First, at the time of the impugned transactions, foreign companies like Blackstone and Brazen Sky either did not have access to these provisions at all, or only had access if they were wound up in Singapore. Article 23(1) of the SG Model Law later dispensed with these restrictions, but it would be unfair for parties transacting with foreign companies to be made liable based on a legal regime that did not exist at the time of their transactions.
Secondly, as regards the intended claim for wrongful trading, section 239 of the IRDA is substantively different from its predecessor provision in the old Companies Act, under which civil liability for wrongful trading could only be imposed against an officer of the company and if there was a prior criminal conviction for wrongful trading. Allowing the Liquidators to invoke section 239 of the IRDA through the SG Model Law would expose the Banks and Bankers to a liability that did not exist at the time of the transactions.
Commentary
This decision provides important and authoritative guidance from the Court of Appeal on the scope and limits of the SG Model Law in the context of cross-border insolvency. It is the first appellate decision to consider the proper interpretation of Article 23(9) — an issue that, as the Court acknowledged, had not previously been the subject of contested judicial consideration.
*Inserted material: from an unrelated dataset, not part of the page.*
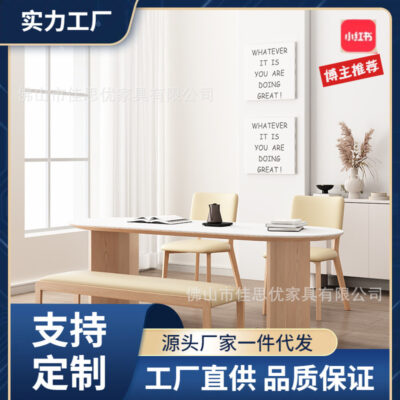 Jiasiyou Log Wind Phiến Bàn Ăn Gỗ Chắc Chắn Wabi Sabi Phong Cách Hiện Đại Đơn Giản Gia Đình Hình Bầu Dục Bàn Ghế Kết Hợp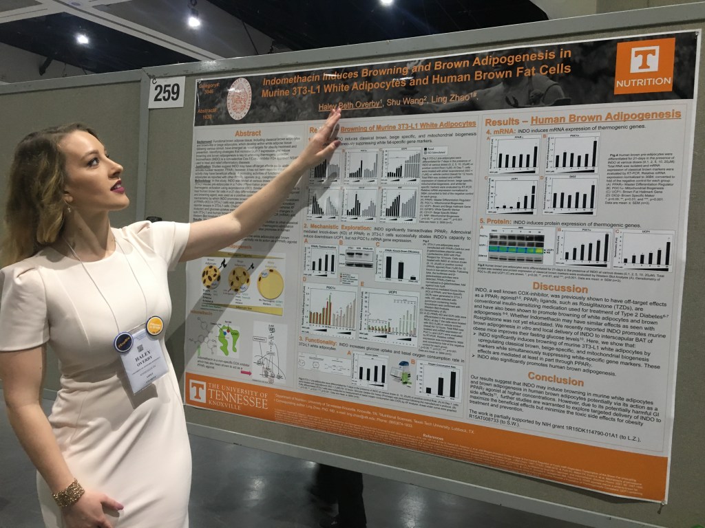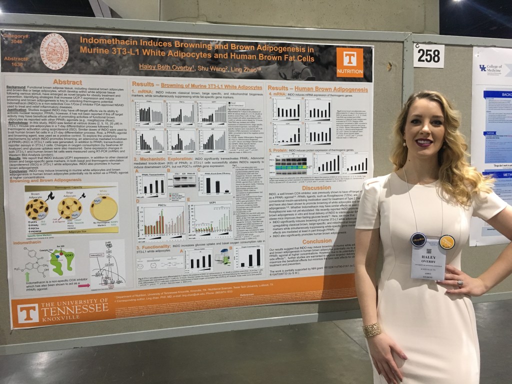 - Overby H, Wang S, Zhao L. Indomethacin induces browning and brown adipogenesis in murine 3T3-L1 white adipocytes and human brown fat cells. FASEB J. April 2018;32:571.2. [Experimental Biology 2018, Poster Presentation]

The Court clarified two key principles. First, Article 23 is the sole gateway through which a foreign representative may access the Avoidance and Misconduct Provisions under the SG Model Law; Article 21(1) does not serve as an alternative route. The concepts of "relief" under Article 21 and "standing" under Article 23 are distinct, and treating them as interchangeable involves a category error. Secondly, Article 23(9) is an absolute prohibition against the grant of standing to a foreign representative to bring claims under the Avoidance and Misconduct Provisions in respect of transactions entered into before the coming into force of the SG Model Law.
The key takeaway is that the SG Model Law cannot be used to retrospectively expose parties to avoidance or misconduct claims based on transactions that predate its commencement. For parties who transacted with foreign companies before the SG Model Law came into force, Art 23(9) provides a complete defence to any attempt by a foreign representative to invoke the Avoidance and Misconduct Provisions.
For liquidators of foreign companies, the decision underscores that there are firm temporal limits on the standing conferred by the SG Model Law. Where the transactions underlying intended claims predate the SG Model Law, foreign representatives will need to explore other avenues, such as initiating insolvency proceedings in Singapore or pursuing common law claims.